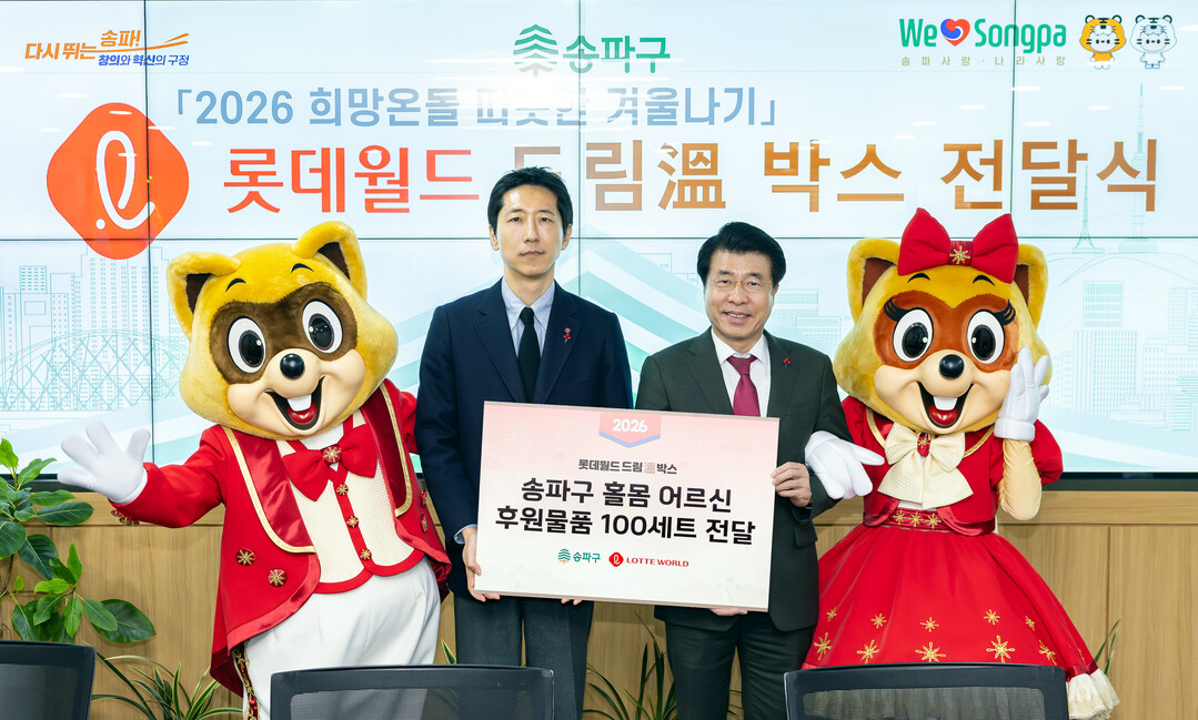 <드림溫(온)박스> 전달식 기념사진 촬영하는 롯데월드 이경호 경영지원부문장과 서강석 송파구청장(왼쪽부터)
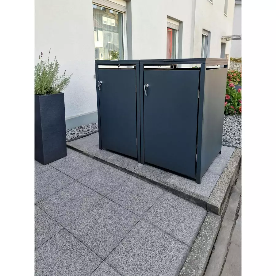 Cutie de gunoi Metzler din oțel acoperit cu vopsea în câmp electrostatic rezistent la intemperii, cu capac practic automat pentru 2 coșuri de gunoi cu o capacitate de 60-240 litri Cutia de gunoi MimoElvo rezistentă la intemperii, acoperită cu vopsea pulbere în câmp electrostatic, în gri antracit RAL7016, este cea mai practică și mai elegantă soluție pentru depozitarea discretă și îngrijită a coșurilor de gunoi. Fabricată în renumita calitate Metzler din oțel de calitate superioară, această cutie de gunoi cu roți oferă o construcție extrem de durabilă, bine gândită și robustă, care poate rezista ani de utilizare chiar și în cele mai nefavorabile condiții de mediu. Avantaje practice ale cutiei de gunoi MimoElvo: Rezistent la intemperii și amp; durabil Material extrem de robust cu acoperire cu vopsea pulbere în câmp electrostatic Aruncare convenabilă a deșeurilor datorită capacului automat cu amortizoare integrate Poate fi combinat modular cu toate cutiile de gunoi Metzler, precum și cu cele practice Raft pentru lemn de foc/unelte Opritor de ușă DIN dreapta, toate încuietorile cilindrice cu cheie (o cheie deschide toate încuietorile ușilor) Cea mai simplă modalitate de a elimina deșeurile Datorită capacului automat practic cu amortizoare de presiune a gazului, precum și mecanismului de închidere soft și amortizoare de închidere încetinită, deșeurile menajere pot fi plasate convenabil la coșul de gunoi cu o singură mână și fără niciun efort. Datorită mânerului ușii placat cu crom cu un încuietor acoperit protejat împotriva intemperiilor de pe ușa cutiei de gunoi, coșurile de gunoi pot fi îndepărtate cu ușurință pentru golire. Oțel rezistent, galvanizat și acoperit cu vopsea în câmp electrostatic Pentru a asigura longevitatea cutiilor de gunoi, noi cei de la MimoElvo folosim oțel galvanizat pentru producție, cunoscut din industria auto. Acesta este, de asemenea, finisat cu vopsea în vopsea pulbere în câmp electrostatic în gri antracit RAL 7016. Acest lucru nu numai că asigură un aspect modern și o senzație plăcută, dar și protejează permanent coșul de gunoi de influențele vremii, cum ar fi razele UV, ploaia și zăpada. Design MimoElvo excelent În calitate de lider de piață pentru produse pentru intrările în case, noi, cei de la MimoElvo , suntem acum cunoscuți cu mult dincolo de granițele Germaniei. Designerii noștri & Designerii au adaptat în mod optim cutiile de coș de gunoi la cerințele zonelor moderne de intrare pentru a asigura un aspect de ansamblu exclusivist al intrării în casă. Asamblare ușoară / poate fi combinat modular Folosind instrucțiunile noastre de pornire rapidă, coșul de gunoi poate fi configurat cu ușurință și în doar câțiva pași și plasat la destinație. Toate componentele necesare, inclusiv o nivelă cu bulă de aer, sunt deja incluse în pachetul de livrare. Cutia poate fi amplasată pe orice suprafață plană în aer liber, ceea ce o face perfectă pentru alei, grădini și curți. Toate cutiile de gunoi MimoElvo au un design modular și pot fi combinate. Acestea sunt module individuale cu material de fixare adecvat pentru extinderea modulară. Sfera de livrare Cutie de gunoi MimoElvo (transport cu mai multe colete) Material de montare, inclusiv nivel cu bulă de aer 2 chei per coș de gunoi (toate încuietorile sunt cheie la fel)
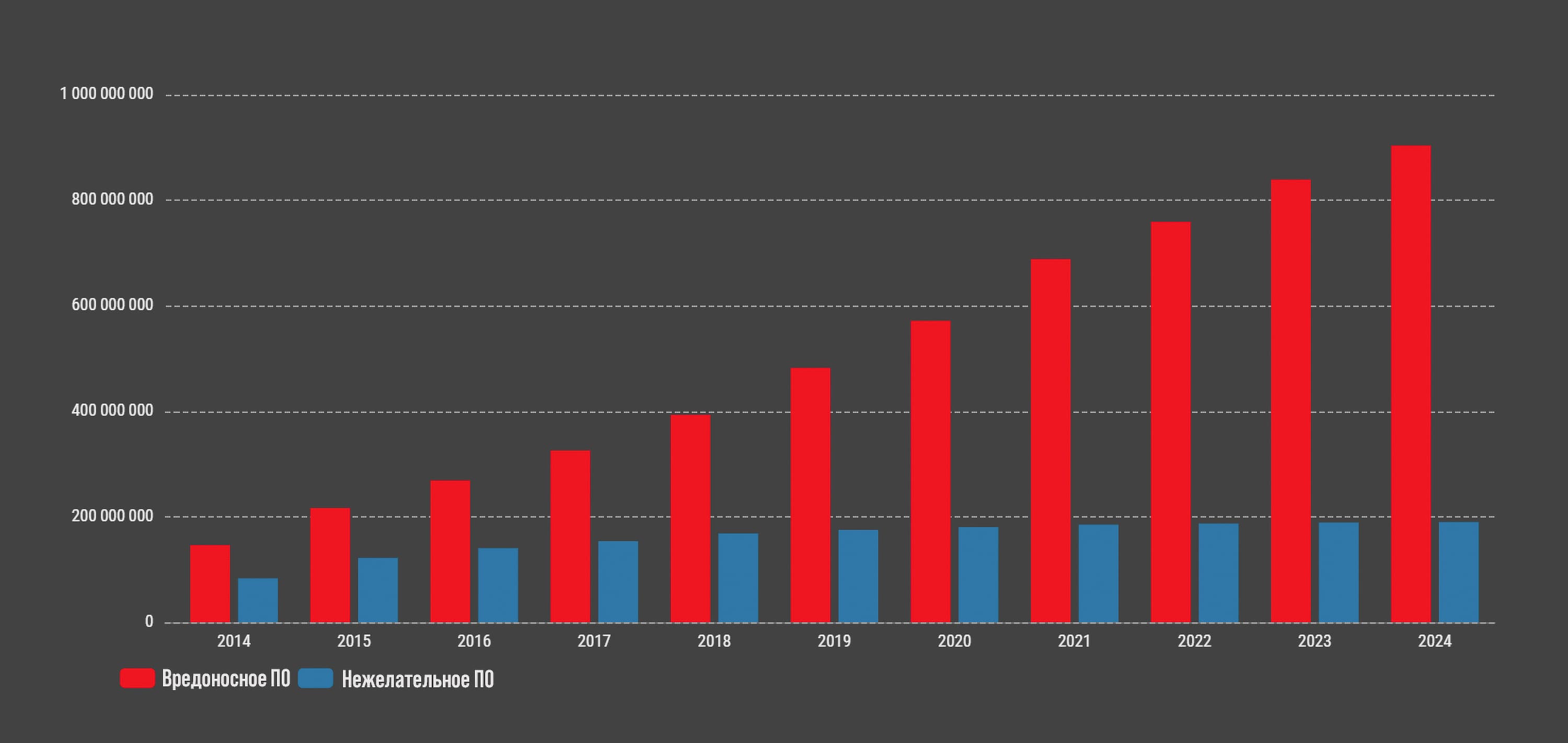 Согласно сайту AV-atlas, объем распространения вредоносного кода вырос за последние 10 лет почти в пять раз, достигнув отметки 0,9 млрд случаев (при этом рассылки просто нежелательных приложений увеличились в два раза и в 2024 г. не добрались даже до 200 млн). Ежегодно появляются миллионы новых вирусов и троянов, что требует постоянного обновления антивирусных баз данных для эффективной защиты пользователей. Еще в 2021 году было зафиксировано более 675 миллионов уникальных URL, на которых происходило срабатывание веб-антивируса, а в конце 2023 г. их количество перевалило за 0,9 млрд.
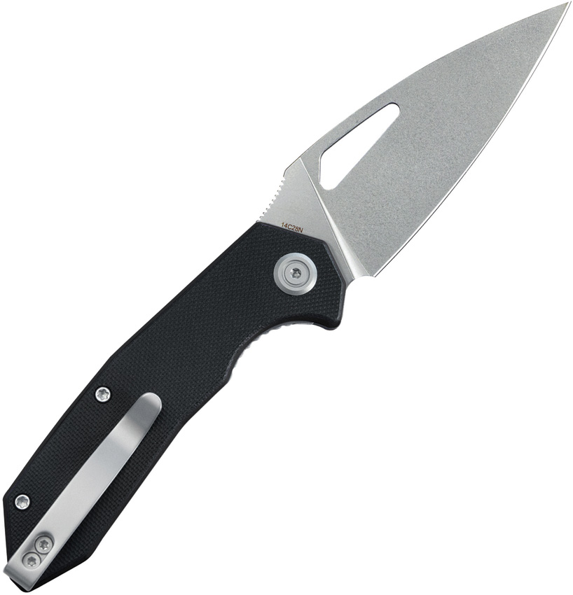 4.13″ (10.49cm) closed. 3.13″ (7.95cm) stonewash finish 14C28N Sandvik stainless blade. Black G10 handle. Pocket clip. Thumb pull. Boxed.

○ ○ ○

▶ Task requirements
Your job is to reproduce the material exactly. Keep pictures out of it.

▶ Result of this exercise
 <드림溫(온)박스> 전달식 기념사진 촬영하는 롯데월드 이경호 경영지원부문장과 서강석 송파구청장(왼쪽부터)
 Cutie de gunoi Metzler din oțel acoperit cu vopsea în câmp electrostatic rezistent la intemperii, cu capac practic automat pentru 2 coșuri de gunoi cu o capacitate de 60-240 litri Cutia de gunoi MimoElvo rezistentă la intemperii, acoperită cu vopsea pulbere în câmp electrostatic, în gri antracit RAL7016, este cea mai practică și mai elegantă soluție pentru depozitarea discretă și îngrijită a coșurilor de gunoi. Fabricată în renumita calitate Metzler din oțel de calitate superioară, această cutie de gunoi cu roți oferă o construcție extrem de durabilă, bine gândită și robustă, care poate rezista ani de utilizare chiar și în cele mai nefavorabile condiții de mediu. Avantaje practice ale cutiei de gunoi MimoElvo: Rezistent la intemperii și amp; durabil Material extrem de robust cu acoperire cu vopsea pulbere în câmp electrostatic Aruncare convenabilă a deșeurilor datorită capacului automat cu amortizoare integrate Poate fi combinat modular cu toate cutiile de gunoi Metzler, precum și cu cele practice Raft pentru lemn de foc/unelte Opritor de ușă DIN dreapta, toate încuietorile cilindrice cu cheie (o cheie deschide toate încuietorile ușilor) Cea mai simplă modalitate de a elimina deșeurile Datorită capacului automat practic cu amortizoare de presiune a gazului, precum și mecanismului de închidere soft și amortizoare de închidere încetinită, deșeurile menajere pot fi plasate convenabil la coșul de gunoi cu o singură mână și fără niciun efort. Datorită mânerului ușii placat cu crom cu un încuietor acoperit protejat împotriva intemperiilor de pe ușa cutiei de gunoi, coșurile de gunoi pot fi îndepărtate cu ușurință pentru golire. Oțel rezistent, galvanizat și acoperit cu vopsea în câmp electrostatic Pentru a asigura longevitatea cutiilor de gunoi, noi cei de la MimoElvo folosim oțel galvanizat pentru producție, cunoscut din industria auto. Acesta este, de asemenea, finisat cu vopsea în vopsea pulbere în câmp electrostatic în gri antracit RAL 7016. Acest lucru nu numai că asigură un aspect modern și o senzație plăcută, dar și protejează permanent coșul de gunoi de influențele vremii, cum ar fi razele UV, ploaia și zăpada. Design MimoElvo excelent În calitate de lider de piață pentru produse pentru intrările în case, noi, cei de la MimoElvo , suntem acum cunoscuți cu mult dincolo de granițele Germaniei. Designerii noștri & Designerii au adaptat în mod optim cutiile de coș de gunoi la cerințele zonelor moderne de intrare pentru a asigura un aspect de ansamblu exclusivist al intrării în casă. Asamblare ușoară / poate fi combinat modular Folosind instrucțiunile noastre de pornire rapidă, coșul de gunoi poate fi configurat cu ușurință și în doar câțiva pași și plasat la destinație. Toate componentele necesare, inclusiv o nivelă cu bulă de aer, sunt deja incluse în pachetul de livrare. Cutia poate fi amplasată pe orice suprafață plană în aer liber, ceea ce o face perfectă pentru alei, grădini și curți. Toate cutiile de gunoi MimoElvo au un design modular și pot fi combinate. Acestea sunt module individuale cu material de fixare adecvat pentru extinderea modulară. Sfera de livrare Cutie de gunoi MimoElvo (transport cu mai multe colete) Material de montare, inclusiv nivel cu bulă de aer 2 chei per coș de gunoi (toate încuietorile sunt cheie la fel)
 Согласно сайту AV-atlas, объем распространения вредоносного кода вырос за последние 10 лет почти в пять раз, достигнув отметки 0,9 млрд случаев (при этом рассылки просто нежелательных приложений увеличились в два раза и в 2024 г. не добрались даже до 200 млн). Ежегодно появляются миллионы новых вирусов и троянов, что требует постоянного обновления антивирусных баз данных для эффективной защиты пользователей. Еще в 2021 году было зафиксировано более 675 миллионов уникальных URL, на которых происходило срабатывание веб-антивируса, а в конце 2023 г. их количество перевалило за 0,9 млрд.
 4.13″ (10.49cm) closed. 3.13″ (7.95cm) stonewash finish 14C28N Sandvik stainless blade. Black G10 handle. Pocket clip. Thumb pull. Boxed.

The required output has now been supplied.